I have been hiking since childhood. Growing up, my parents took the family on regular camping trips into Central California’s breathtaking Sierra Nevada Mountains. I went on my first solo overnight backpacking trip in Yosemite National Park when I was 23. Getting cold, I drove back home shortly after nightfall. From a motley caboodle of hand-me-downs and Wal-Mart knickknacks, my gear evolved over the years to include more professional brands and usages. I did not love every trip at first. I was often uncomfortable and afraid. Aren’t there dangerous animals? What if I get lost? Why didn’t I feel that rock under my tent until after I started to fall asleep!?

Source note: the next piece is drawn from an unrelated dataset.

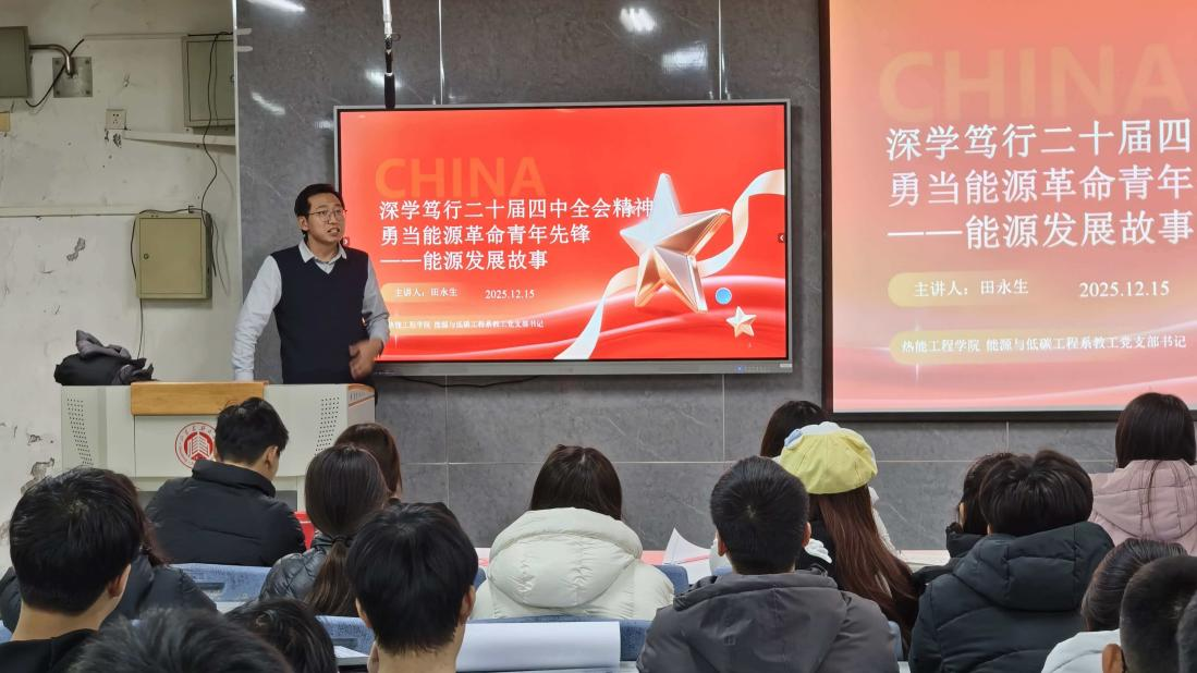 为深入学习宣传贯彻党的二十届四中全会精神,推动理论学习往深里走、往实里走、往心里走,11月至12月,热能工程学院党委精心谋划、分层推进,构建起“书记带头讲、教师融合讲、学生接力讲”的立体化宣讲格局,组织开展了“学思践悟党的二十届四中全会精神”系列宣讲活动,实现了学习宣传全员覆盖、精神要义全程贯通,为学院高质量发展注入了强大的思想动能与实践合力。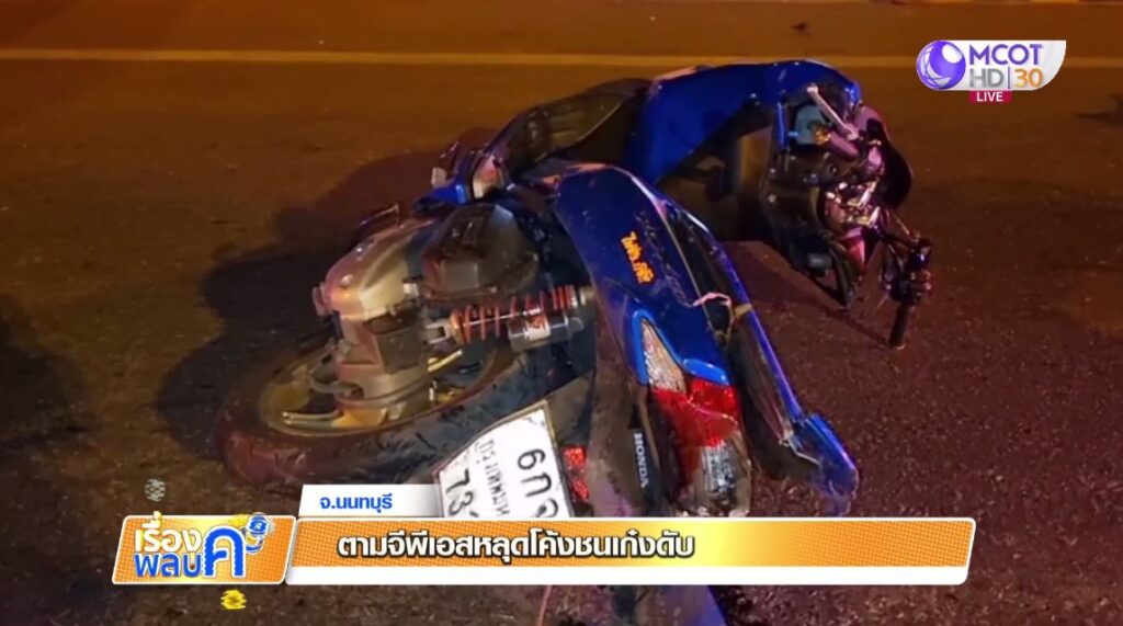 นนทบุรี 14 ก.ย. – หนุ่มขี่ จยย.หลุดโค้งต่างระดับบางคูเวียง อ.บางใหญ่ นนทบุรี พุ่งชนรถเก๋ง ตรวจสอบมือถือพบเปิด GPS ปลายทางถนนประชาชื่น

An unwilling pose snapshot somewhere on the John Muir Trail

Tired, unbathed and a bit hunchbacked . . . somewhere on the John Muir Trail

I am now a seasoned backpacker and hiker. I usually go on two large trips (5+ days) and many smaller trips each year. Sometimes I take my dad or a buddy, but I frequently go alone. I do not take a GPS device or any other electronics. A handy compass and topographic map are ample navigation aids and offer a welcome respite from technology. Everything I have learned about commonsense hiking and backpacking I have learned by doing. It’s not rocket science . . . it’s really just walking on a designated path for a predetermined distance. Easy as pie.

Until recently, weekends were spent exploring the mountains and deserts near my native San Diego. I now live in Provo (Utah) with my wife, eager as ever to explore the Far West’s innumerable special places. As much as possible, I thru hike life.